### Data excerpts
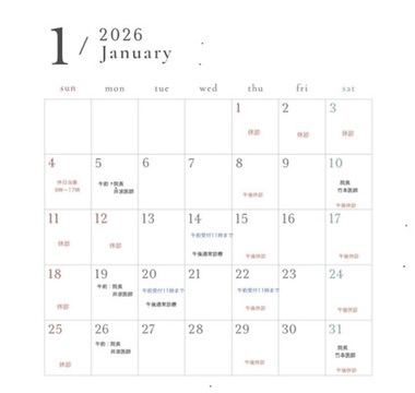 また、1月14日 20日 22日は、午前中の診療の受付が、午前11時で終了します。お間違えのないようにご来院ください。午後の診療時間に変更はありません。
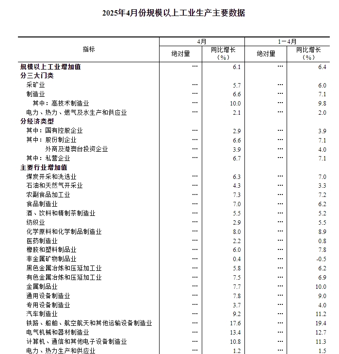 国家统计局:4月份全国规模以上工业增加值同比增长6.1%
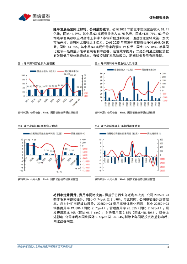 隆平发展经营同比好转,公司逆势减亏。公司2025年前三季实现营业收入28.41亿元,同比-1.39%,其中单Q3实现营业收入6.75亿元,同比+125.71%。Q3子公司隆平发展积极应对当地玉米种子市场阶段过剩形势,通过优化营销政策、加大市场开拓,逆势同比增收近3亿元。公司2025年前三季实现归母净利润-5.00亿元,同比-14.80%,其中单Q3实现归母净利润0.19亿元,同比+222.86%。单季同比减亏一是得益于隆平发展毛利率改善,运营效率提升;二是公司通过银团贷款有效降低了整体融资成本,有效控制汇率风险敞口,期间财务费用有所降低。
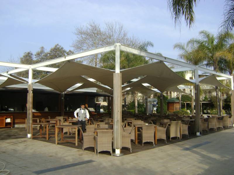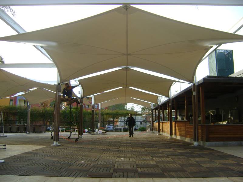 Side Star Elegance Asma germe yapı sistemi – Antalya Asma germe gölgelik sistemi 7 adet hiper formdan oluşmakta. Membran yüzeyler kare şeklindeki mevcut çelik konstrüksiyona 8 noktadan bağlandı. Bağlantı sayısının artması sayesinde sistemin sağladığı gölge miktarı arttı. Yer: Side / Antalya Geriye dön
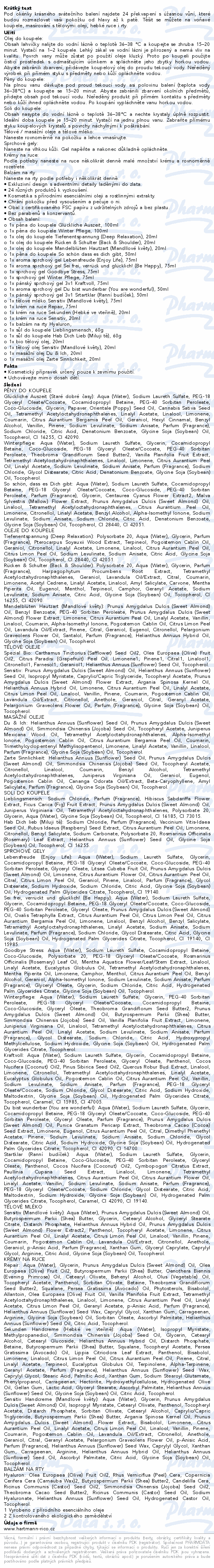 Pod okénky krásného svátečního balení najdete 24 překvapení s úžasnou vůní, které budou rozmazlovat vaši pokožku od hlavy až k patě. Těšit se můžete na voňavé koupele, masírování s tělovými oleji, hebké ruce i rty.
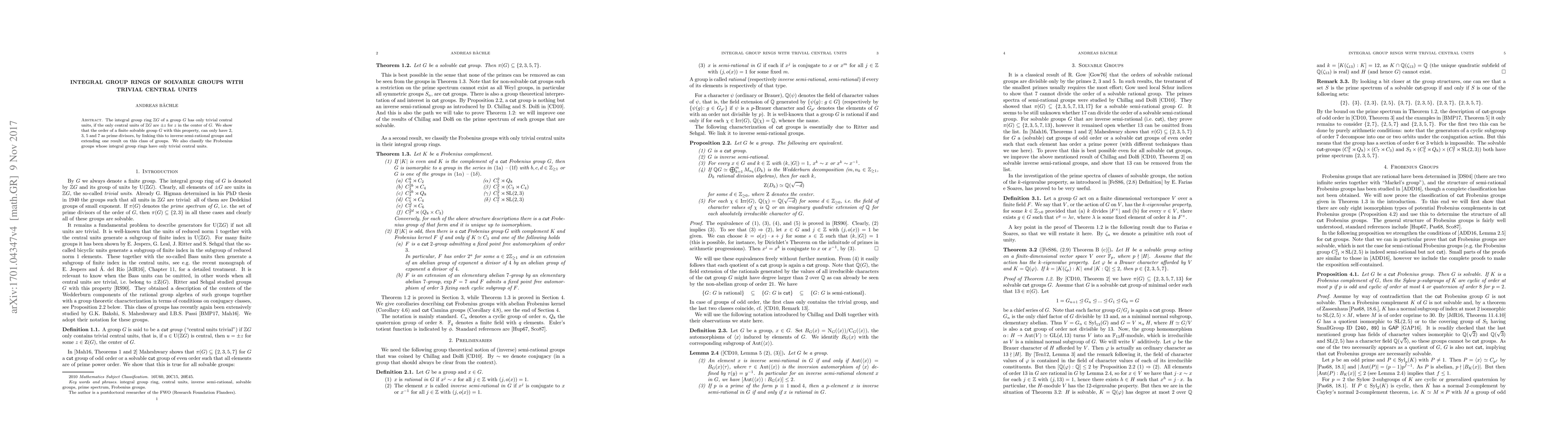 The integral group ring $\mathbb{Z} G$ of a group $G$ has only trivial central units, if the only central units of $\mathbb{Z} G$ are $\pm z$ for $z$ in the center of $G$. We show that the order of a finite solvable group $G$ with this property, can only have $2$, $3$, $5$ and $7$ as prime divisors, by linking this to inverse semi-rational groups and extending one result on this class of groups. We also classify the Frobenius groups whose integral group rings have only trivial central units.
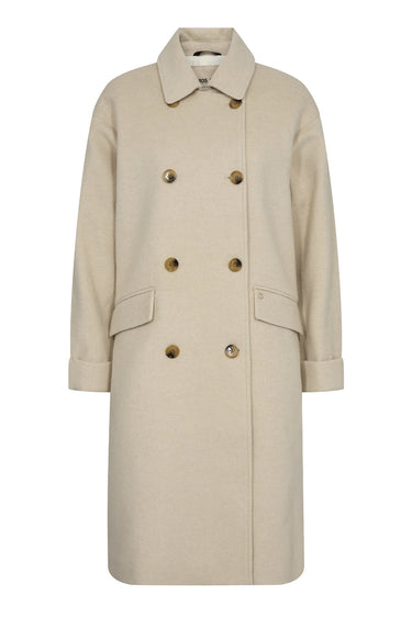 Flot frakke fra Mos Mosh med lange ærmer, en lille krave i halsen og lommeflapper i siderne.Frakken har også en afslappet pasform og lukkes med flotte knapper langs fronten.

...

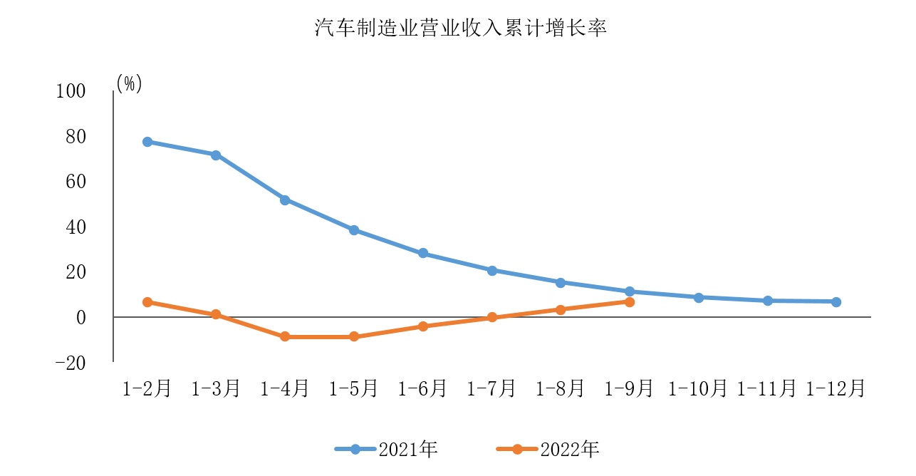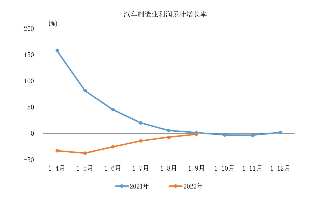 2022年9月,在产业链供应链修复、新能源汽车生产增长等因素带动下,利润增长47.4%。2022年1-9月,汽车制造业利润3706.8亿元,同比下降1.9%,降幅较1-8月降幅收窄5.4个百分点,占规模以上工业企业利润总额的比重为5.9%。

### Work item
From the line holding "The integral group" to the line holding "Flot frakke fra", both included, retype the entries above exactly and drop the pictures.

### Answer area
 The integral group ring $\mathbb{Z} G$ of a group $G$ has only trivial central units, if the only central units of $\mathbb{Z} G$ are $\pm z$ for $z$ in the center of $G$. We show that the order of a finite solvable group $G$ with this property, can only have $2$, $3$, $5$ and $7$ as prime divisors, by linking this to inverse semi-rational groups and extending one result on this class of groups. We also classify the Frobenius groups whose integral group rings have only trivial central units.
 Flot frakke fra Mos Mosh med lange ærmer, en lille krave i halsen og lommeflapper i siderne.Frakken har også en afslappet pasform og lukkes med flotte knapper langs fronten.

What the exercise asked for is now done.